After continuing his studies in medicine in Great Britain, Broom moved back to South Africa in 1916. This was the most depressing time in his life since he felt isolated from the scientific community. In 1920, he served as mayor of Douglas, a small town on the outskirts of the Karoo in the Northern Cape. Here, he also practiced as a medical doctor. He was accepted as a Fellow of the Royal Society of South Africa during that year, which slightly lifted his spirits.

 

After learning of the discovery of Boskop Man (on a farm near the village of Boskop in the former Transvaal), the first human fossil skull discovered in South Africa, Broom started to shift his attention towards early hominids. In 1918, he published an article on it under the name Homo capensis.

 

The young John Robinson (a distinguished South African hominin palaeontologist) and Robert Broom at Sterkfontein Cave (Gauteng Province).

 

Broom’s interest in palaeontology overpowered his interest in anthropology. When T. Swiglaar discovered the Broken Hill skull (now known as Kabwe) in Zambia in 1921, Broom was certain that humanity’s roots must have been in Africa. As a result, he was ecstatic when the Taung child was uncovered.

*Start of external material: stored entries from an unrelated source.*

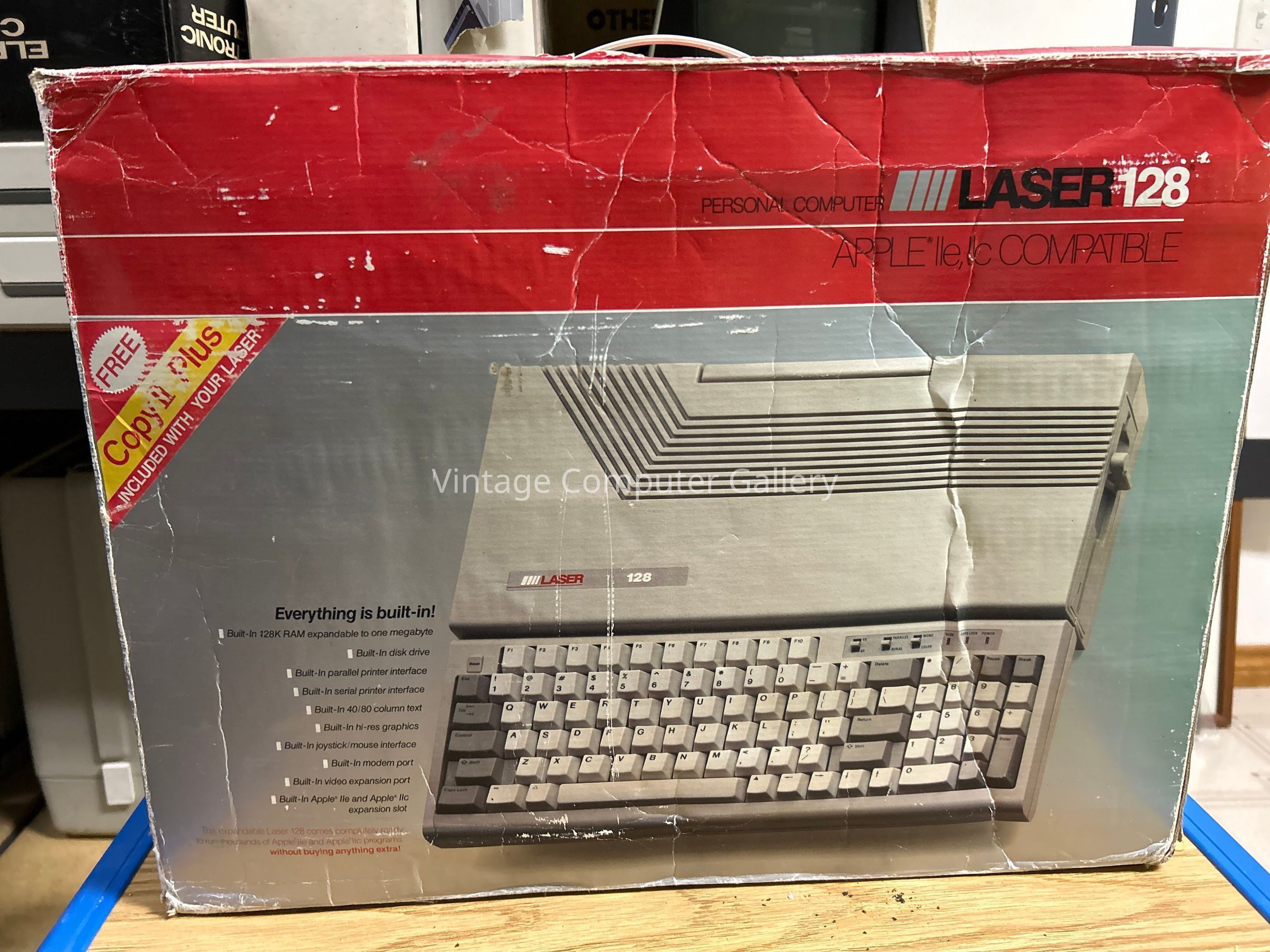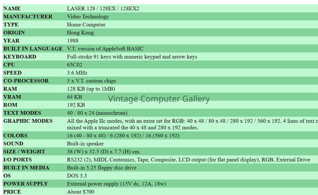 1988- The Laser 128 EX is the successor of the Laser 3000. Like the 3000, it is fully compatible with the Apple II computer, but has enhanced features. Video Technology designed its own Apple II compatible ROM (Apple lost a lawsuit challenging it), this ROM holds an Applesoft compatible version of the BASIC. The "Open Apple" and "Closed Apple" keys have been replaced with "Open Triangle" and "Closed Triangle" keys. The 128EX/2's Video Display Generator chip also provided both analog RGB video (for connecting an Apple IIGS, Amiga, or Atari ST monitor) and digital RGB video (for connecting a CGA monitor). In RGB mode, the Video Display Generator (VDG) chip generates a text character set identical to an IBM PC (with the addition of the Open and Closed Triangle characters) The drive and the external daisy-chainable SmartPort floppy drive is driven by Video Technologies custom "Universal Disk Controller" (UDC) disk array chip. The SmartPort supports Apple IIe/IIc UniDisks (3.5" and 5.25" models), Macintosh 3.5" drives (the ones without the buttons), Apple IIGS daisy-chainable 3.5" drives and Apple 5.25" disks. It is also designed to support the Chinook CT-series 20 MB to 100 MB SmartPort hard drives. The SmartPort can support two 800K 3.5" drives, two 140K 5.25" drives, and one 100 MB CT100 hard drive simultaneously daisy-chained to each other.
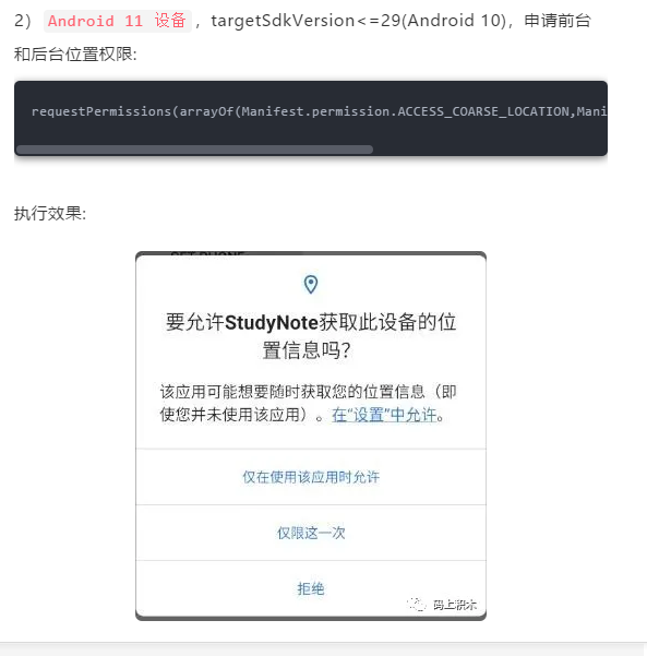 从 Android 10 系统的设备开始,就需要请求后台位置权限
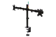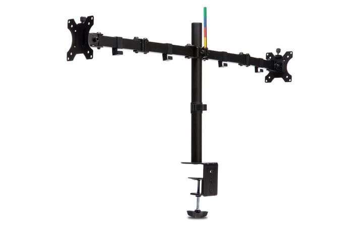 - SmartFit® lets you adjust your monitor to the right comfortable height in no time*Simply match your hand size to the colour in the diagram included with the product, set the height to the colour of your choice - and you're good to go!*Wide adjustment range: ±90° swivel, 180° orientation (landscape or horizontal) and ± 45° adjustment*Extendable arms allow easy adjustment of monitor distance settings (up to 399 mm / 15.7 inch)*Has 2 mounting options - using a C-clamp or eyelet buckle made of durable steel and aluminum*Easy to mount to desk edges with Type-C clamp or eyelet buckle - takes up little space, scratches or damages the desk surface*Removable VESA 75/100 mounting plate allows monitors up to 33" screens up to 33" and weighing up to 8 kg /17.6 lbs (per shoulder)*Cable management system reduces desk clutter
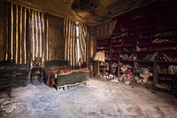 Dit is een foto van een prachtige slaapkamer in een verlaten kasteel. De slaapkamer, en andere ruimtes, staan nog vol antieke meubelen. Het kasteel stamt uit de 18e eeuw en is bijna 30 jaar verlaten.
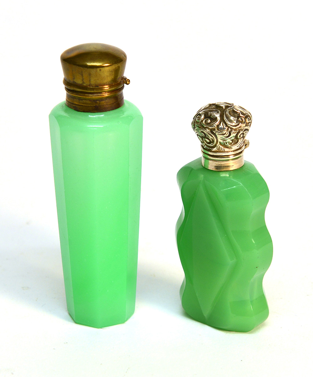 Lotto composto da due portaprofumi in vetro opalino a fondo verde con ghiere in argento e metallo ( h. cm. 10)
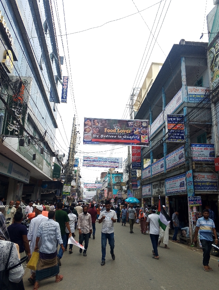crowded street scene in Bhola, Bangladesh, with coordinates 22.685, 90.644. The street is lined with multi-story buildings, some with storefronts and signs in Bengali script. A large banner for a restaurant called "Food Lover" is hanging across the street. The street is filled with people, many of whom are dressed in traditional clothing. They are walking, shopping, and interacting with each other. There are also some cars and motorcycles parked on the side of the road. The street is also cluttered with power lines and wires. The sky is overcast and there are no visible trees or vegetation. The environment is bustling and appears to be a busy commercial area.
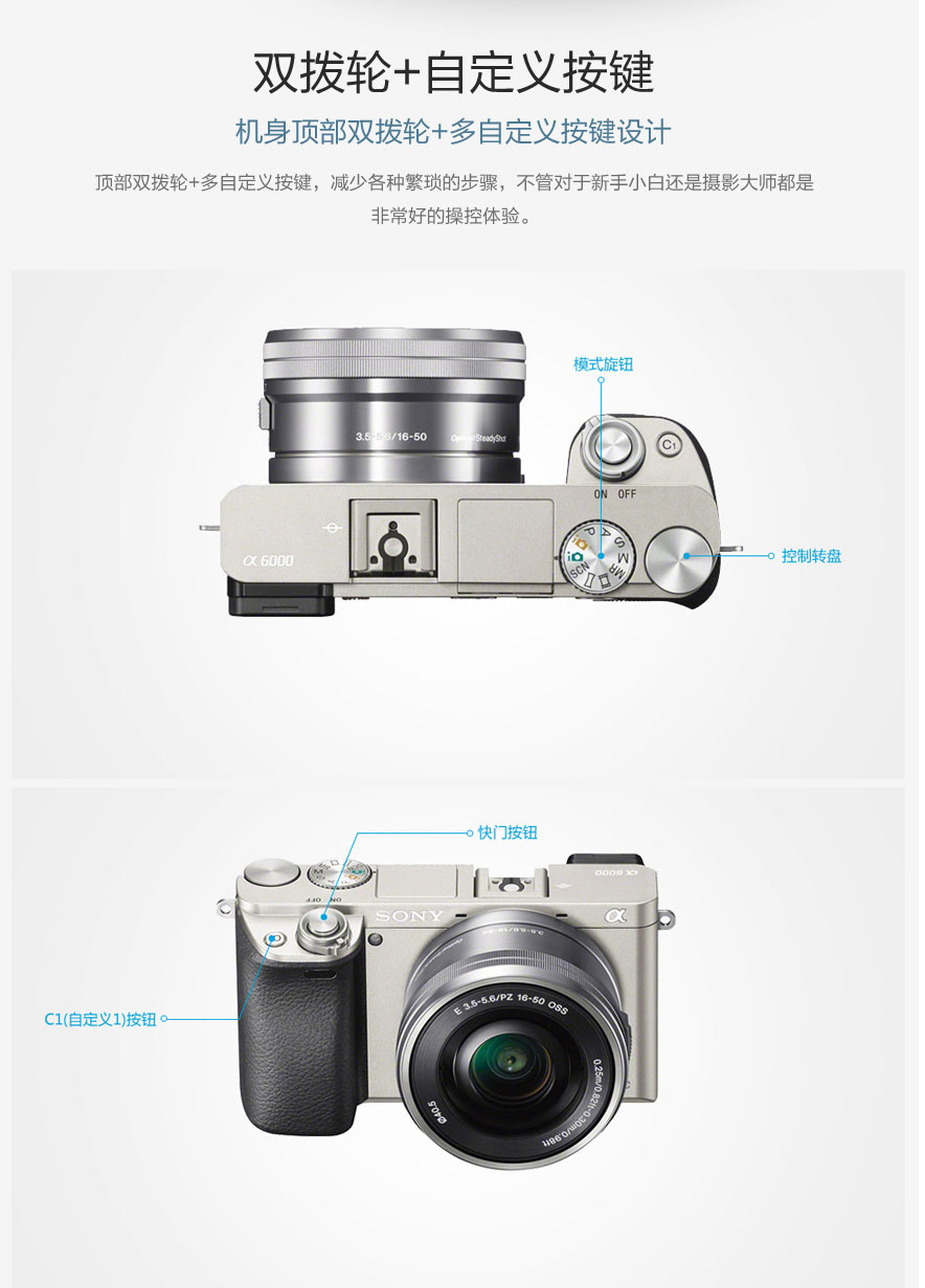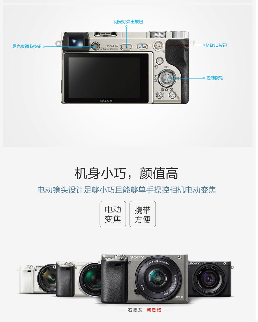 16-50MM鏡頭A6000L/Α6000 約2430萬(wàn)有效像素APS-C單鏡頭微單相機(jī)石墨灰
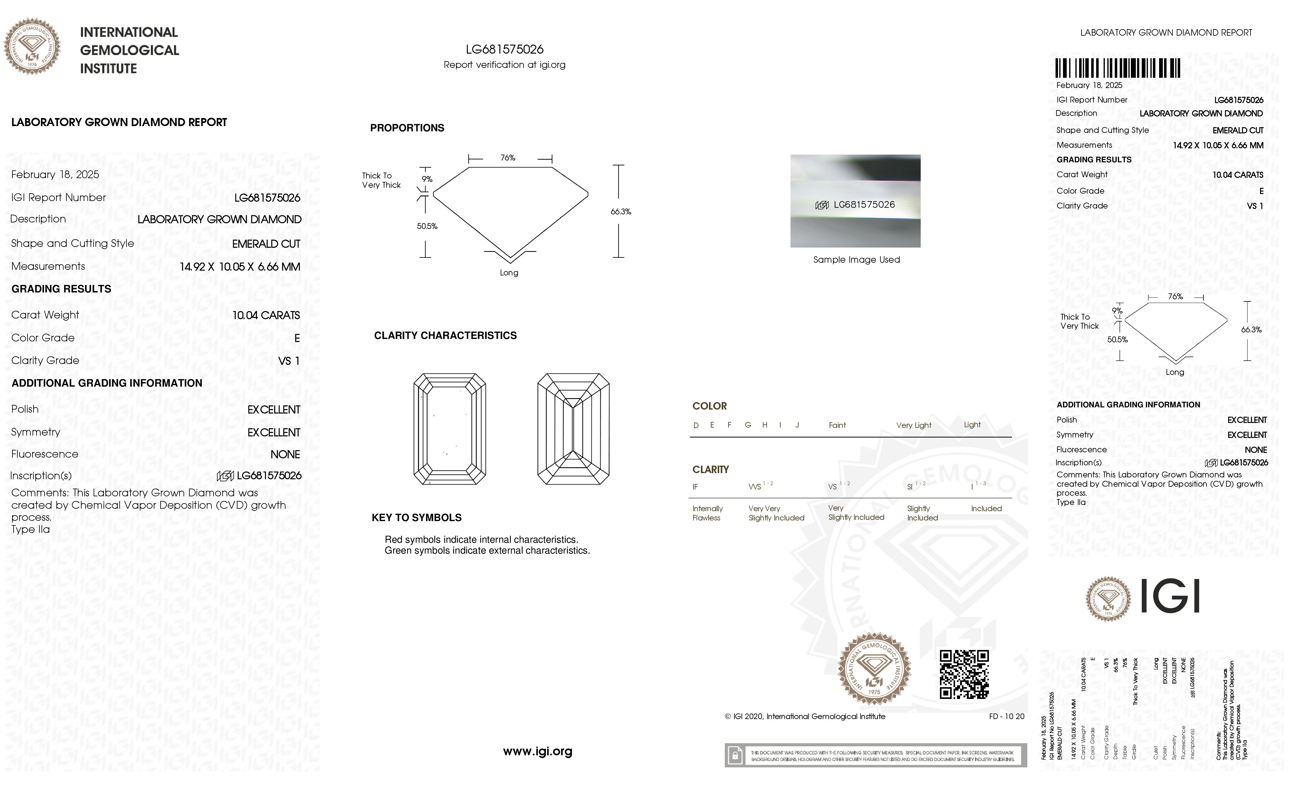 NO NAME Кольцо 10,04 Ct. E/vs1 Laboratory Grown Diamond
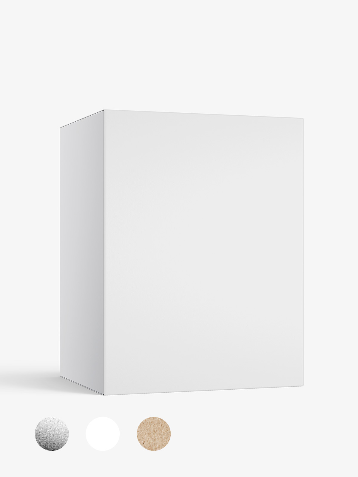 Realistic frontal box mockup prepared in high resolution. Mockup is prepared with three coatings: white, metallic and kraft paper. White paper can be mixed with metallic.
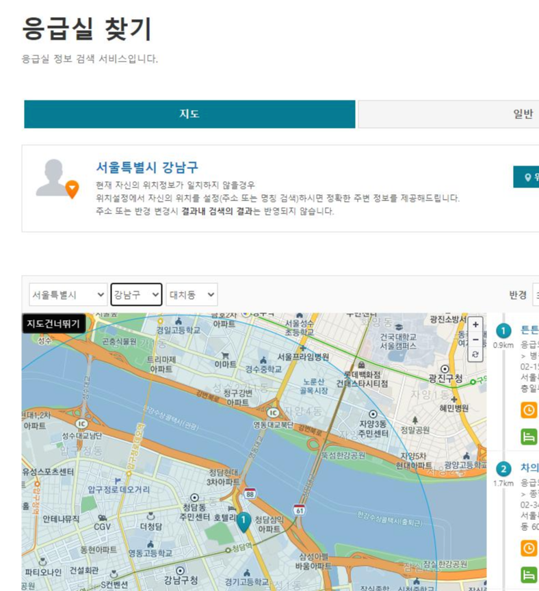 응급의료포털 사이트에는 병원찾기 말고도 약국찾기도 가능하고 병원찾기를 했는데 주변에 공휴일에 문여는 병원이 검색이 안되신다면 응급실찾기를 이용해서 응급실로 바로가시는 것도 추천드립니다. 응급실은 일반으로 검색하시는 것보다 지도로 검색하시면 더 많은 응급실이 검색되시니 지도로 검색하는 방법으로 검색해 보시는게 좋을것 같습니다.
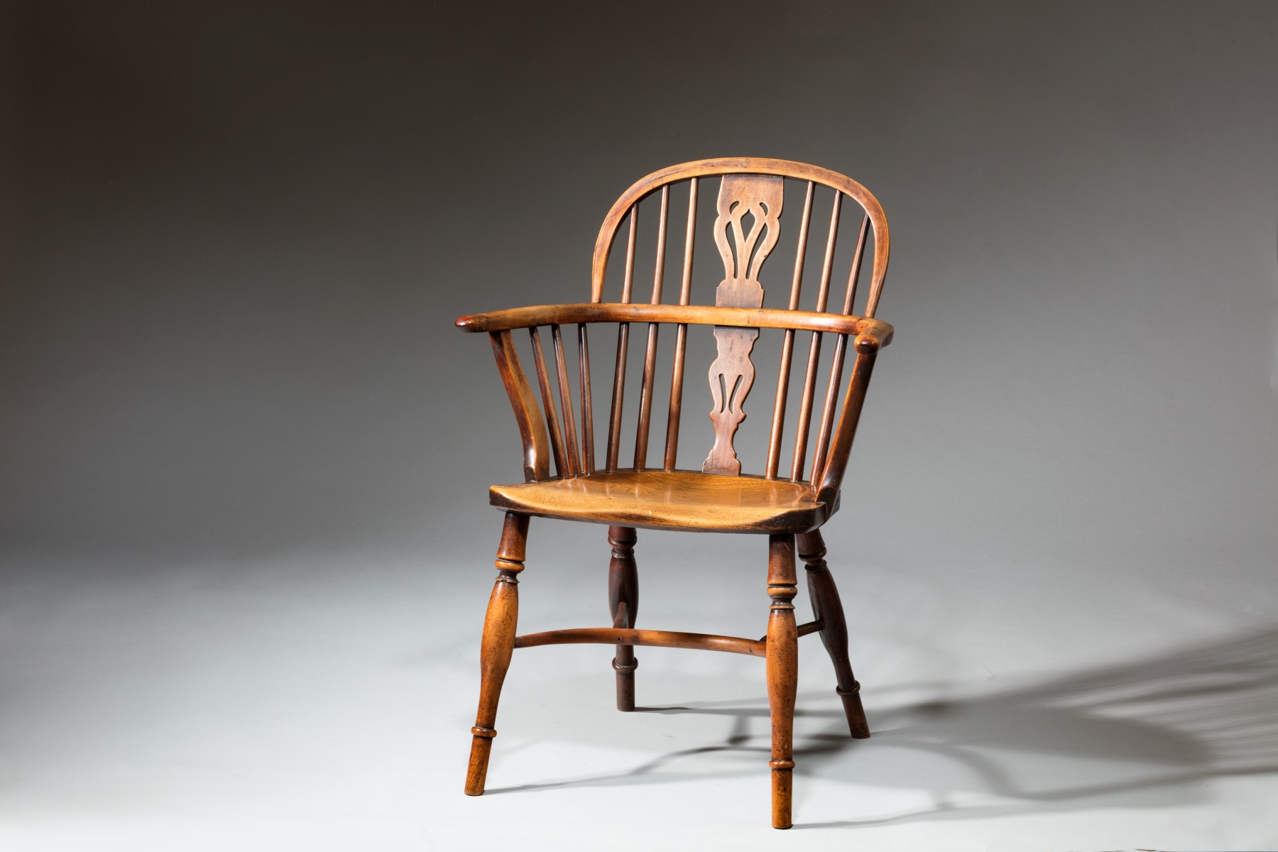 Low Back Yew Wood Windsor Armchair Stamped Nicholson of Rockley
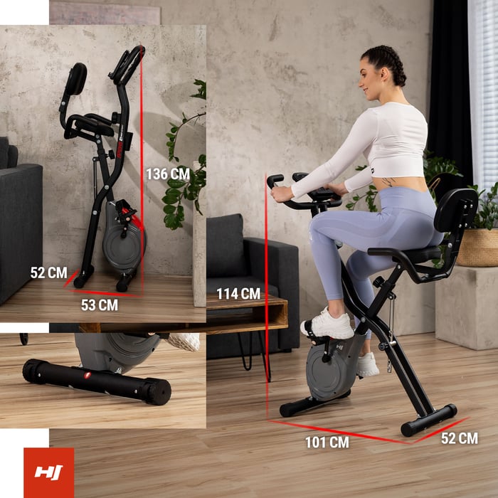 Hľadáte rotoped, ktorý vám umožní vykonávať intenzívne kardio cvičenie a nebude obmedzovať váš tréningový priestor? Vyberte si skladací Xbike HS-3030X Apeks od Hop-Sport, ktorého výšku sedadla a uhol otvorenia môžete pohodlne nastaviť podľa svojich preferencií! Model X-bike vám dáva možnosť zmeniť polohu tela – môžete trénovať ako na tradičnom stacionárnom rotopede alebo ho premeniť na ekvivalent recumbentu. Nastavenie záťaže v rozsahu 10 stupňov umožňuje prispôsobiť intenzitu cvičenia vašej pokročilosti a stabilná konštrukcia zaisťuje bezpečnosť a garantovanú nosnosť až 120 kg.
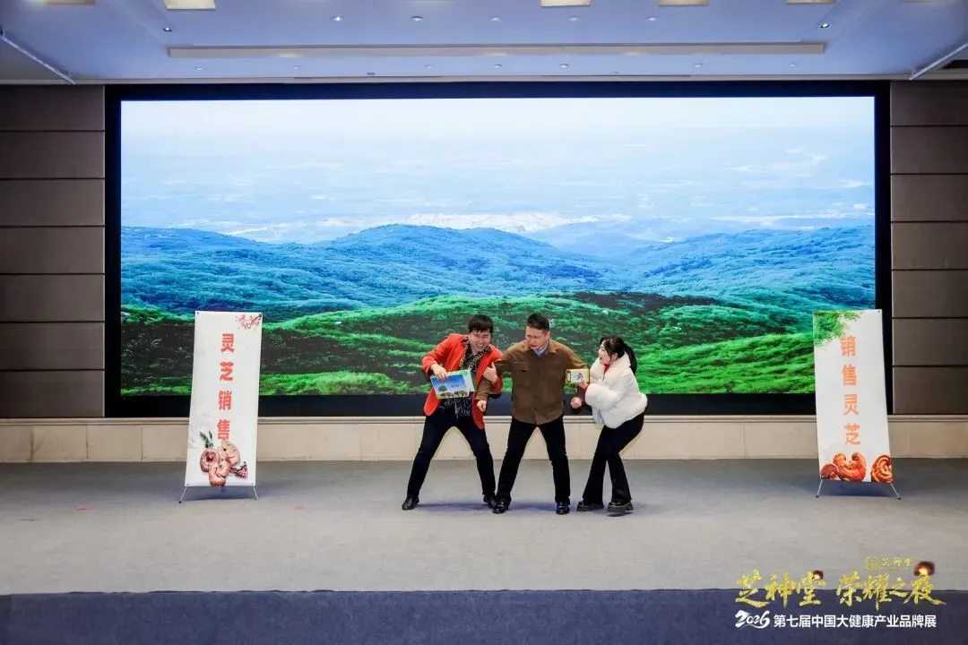 晚宴节目精彩纷呈,芝神堂围绕灵芝文化精心编排的演出赢得满堂喝彩。诙谐幽默的小品《卖灵芝》,以生动鲜活的方式展现了灵芝产品的市场魅力;美轮美奂的《灵芝舞》,则以曼妙舞姿演绎了灵芝的灵动与神韵;一曲悠扬动听的《灵芝缘》,将灵芝的千年传说与人间真情娓娓道来;更有经典舞蹈《只此青绿》惊艳上演。精彩的节目与热烈的交流交织,让整场晚宴高潮迭起、余味悠长。

His charisma helped him recover from the blow of being disliked by the scientific community, and the immense amount of effort he put into his work won him the respect of the then prime minister, Jan Smuts, who saw to it that a palaeontology position was created for him at the Transvaal Museum (now the DITSONG: National Museum of Natural History) in Pretoria in1934.

 

Broom focused his hunt for hominins in the Sterkfontein valley in the late 1930s and early 1940s. Because dynamite was used to retrieve fossils, his work generated controversy. However, his strategy did succeed in making him renowned around the world by discovering Mrs Ples and Kromdraai Ape-man. In 1951, Robert Broom passed away after working tirelessly to finish his monograph on the Swartkrans hominins. On April 6, 1951, he finished the last corrections, writing in his journal, “Now that’s finished…and so am I.” That evening, he passed away.